3. How many questions are there in Class 12 Maths Chapter 12 Linear Programming (Ex 12.1) Exercise 12.1?

Class 12 Maths Chapter 12 Linear Programming (Ex 12.1) Exercise 12.1 consists of a total of ten conceptual questions.

4. Why should I practice class 12 maths NCERT chapter 12  Linear Programming (Ex 12.1) Exercise 12.1?

The NCERT book and solutions have been prepared by the best and most highly skilled educators and scholars and have created the content in such a way that all the maths concepts could be understood by each student. Practising exercise 12.1 will help you in clearing your basics about the concept of Linear programming and will help as you go further through the chapter. The NCERT math book has explained the concept of linear programming, on which the first exercise is based, with the help of solved examples that are written in the easiest way.

5. Where can I find the NCERT solutions for Class 12 Maths chapter 12  Linear Programming (Ex 12.1) Exercise 12.1?

NCERT solutions for class 12 maths chapter 12 linear programming (Ex 12.1) exercise 12.1 are free to download in pdf format from Vedantu.
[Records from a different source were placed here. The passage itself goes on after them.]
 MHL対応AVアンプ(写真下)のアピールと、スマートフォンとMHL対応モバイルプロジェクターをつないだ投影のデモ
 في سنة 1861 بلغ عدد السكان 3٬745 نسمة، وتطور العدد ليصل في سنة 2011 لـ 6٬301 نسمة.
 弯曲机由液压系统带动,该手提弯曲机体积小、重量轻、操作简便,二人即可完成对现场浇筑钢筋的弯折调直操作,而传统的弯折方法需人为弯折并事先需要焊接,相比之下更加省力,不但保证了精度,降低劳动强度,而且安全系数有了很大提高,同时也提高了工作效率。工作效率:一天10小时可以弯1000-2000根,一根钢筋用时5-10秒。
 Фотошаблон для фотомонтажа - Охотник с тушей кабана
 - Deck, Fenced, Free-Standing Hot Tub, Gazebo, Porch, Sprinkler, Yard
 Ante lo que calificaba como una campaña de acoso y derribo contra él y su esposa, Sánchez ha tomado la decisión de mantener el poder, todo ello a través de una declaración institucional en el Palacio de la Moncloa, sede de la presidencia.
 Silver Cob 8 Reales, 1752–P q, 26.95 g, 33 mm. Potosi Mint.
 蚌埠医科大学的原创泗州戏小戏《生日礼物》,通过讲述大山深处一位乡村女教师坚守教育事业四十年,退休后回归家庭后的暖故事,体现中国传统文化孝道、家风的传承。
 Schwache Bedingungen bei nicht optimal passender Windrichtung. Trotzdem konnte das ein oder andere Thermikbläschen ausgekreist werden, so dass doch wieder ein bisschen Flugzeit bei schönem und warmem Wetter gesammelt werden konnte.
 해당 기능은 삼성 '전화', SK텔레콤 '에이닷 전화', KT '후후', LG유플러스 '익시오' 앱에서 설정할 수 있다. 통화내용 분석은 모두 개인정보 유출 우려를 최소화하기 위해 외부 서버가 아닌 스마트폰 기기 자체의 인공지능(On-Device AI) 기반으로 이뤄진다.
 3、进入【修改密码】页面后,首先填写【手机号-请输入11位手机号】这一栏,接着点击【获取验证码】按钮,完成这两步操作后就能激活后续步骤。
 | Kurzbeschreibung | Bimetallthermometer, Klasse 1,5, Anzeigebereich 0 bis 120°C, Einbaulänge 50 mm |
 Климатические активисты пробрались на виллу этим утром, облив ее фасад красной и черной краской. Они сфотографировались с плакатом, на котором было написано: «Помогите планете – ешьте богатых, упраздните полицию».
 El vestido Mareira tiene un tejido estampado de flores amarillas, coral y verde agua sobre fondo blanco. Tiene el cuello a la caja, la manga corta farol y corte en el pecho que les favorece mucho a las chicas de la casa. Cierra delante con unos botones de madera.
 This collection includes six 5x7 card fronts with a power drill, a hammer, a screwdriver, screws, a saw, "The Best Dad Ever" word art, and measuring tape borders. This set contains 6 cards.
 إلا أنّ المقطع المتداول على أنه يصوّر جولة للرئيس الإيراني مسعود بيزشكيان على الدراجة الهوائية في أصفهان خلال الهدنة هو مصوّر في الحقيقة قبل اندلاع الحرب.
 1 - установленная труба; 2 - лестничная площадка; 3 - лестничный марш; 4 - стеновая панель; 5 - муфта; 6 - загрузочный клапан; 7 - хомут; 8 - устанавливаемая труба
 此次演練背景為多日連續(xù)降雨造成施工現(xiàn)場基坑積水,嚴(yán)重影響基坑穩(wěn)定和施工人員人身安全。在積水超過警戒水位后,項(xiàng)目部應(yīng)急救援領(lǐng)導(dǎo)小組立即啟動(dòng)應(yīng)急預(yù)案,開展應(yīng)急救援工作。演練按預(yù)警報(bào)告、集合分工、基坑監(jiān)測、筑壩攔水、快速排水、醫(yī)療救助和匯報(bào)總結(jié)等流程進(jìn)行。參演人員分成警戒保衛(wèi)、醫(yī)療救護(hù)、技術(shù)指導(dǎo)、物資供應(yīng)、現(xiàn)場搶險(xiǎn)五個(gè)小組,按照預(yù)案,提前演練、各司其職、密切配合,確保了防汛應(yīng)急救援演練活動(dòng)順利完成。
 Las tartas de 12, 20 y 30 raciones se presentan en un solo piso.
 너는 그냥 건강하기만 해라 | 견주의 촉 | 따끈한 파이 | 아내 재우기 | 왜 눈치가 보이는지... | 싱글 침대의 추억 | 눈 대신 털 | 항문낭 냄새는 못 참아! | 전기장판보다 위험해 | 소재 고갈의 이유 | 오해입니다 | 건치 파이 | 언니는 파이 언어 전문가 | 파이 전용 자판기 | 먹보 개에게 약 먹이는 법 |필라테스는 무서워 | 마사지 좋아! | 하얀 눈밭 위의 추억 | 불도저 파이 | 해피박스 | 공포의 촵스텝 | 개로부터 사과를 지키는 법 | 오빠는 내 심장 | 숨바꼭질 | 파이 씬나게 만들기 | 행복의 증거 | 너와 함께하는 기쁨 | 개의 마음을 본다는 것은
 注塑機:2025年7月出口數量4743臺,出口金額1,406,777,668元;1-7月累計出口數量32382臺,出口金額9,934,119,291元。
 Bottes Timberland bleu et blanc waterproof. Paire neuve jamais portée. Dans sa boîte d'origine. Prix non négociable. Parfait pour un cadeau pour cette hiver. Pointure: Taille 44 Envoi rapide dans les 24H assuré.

Teachers at Vedantu are highly skilled and experts in their subjects, and they have curated these NCERT solutions according to the latest CBSE pattern and guidelines.

6. What is the main focus of Class 12 Maths ex 12.1 solutions?

Class 12 Maths ex 12.1 solutions focuses on the basics of linear programming, including formulating linear programming problems, understanding constraints, and using the graphical method to find feasible and optimal solutions.

7. How does the graphical method help in solving linear programming problems in class 12 maths chapter 12 exercise 12.1?

The graphical method helps by visually representing constraints on a graph, identifying the feasible region, and determining the optimal solution by evaluating the objective function at the corner points of the feasible region in class 12 linear programming exercise 12.1.

8. What are the key components of a linear programming problem in class 12 exercise 12.1?

The key components include the objective function to be optimized, constraints represented by linear inequalities, and the feasible region where these constraints overlap, forming the solution space.

9. Why is understanding constraints important in linear programming in class 12 maths ch 12 ex 12.1?

In linear programming class 12 maths ch 12 ex 12.1 understanding constraints is crucial because they define the feasible region, which is the set of all possible solutions that satisfy the conditions of the problem. Only within this region can the optimal solution be found.

10. How do Vedantu’s NCERT Solutions assist with ex 12.1 class 12?

Vedantu’s NCERT Solutions of linear programming class 12 exercise 12.1 provide detailed, step-by-step explanations and graphical representations, making it easier for students to understand the concepts and effectively solve linear programming problems.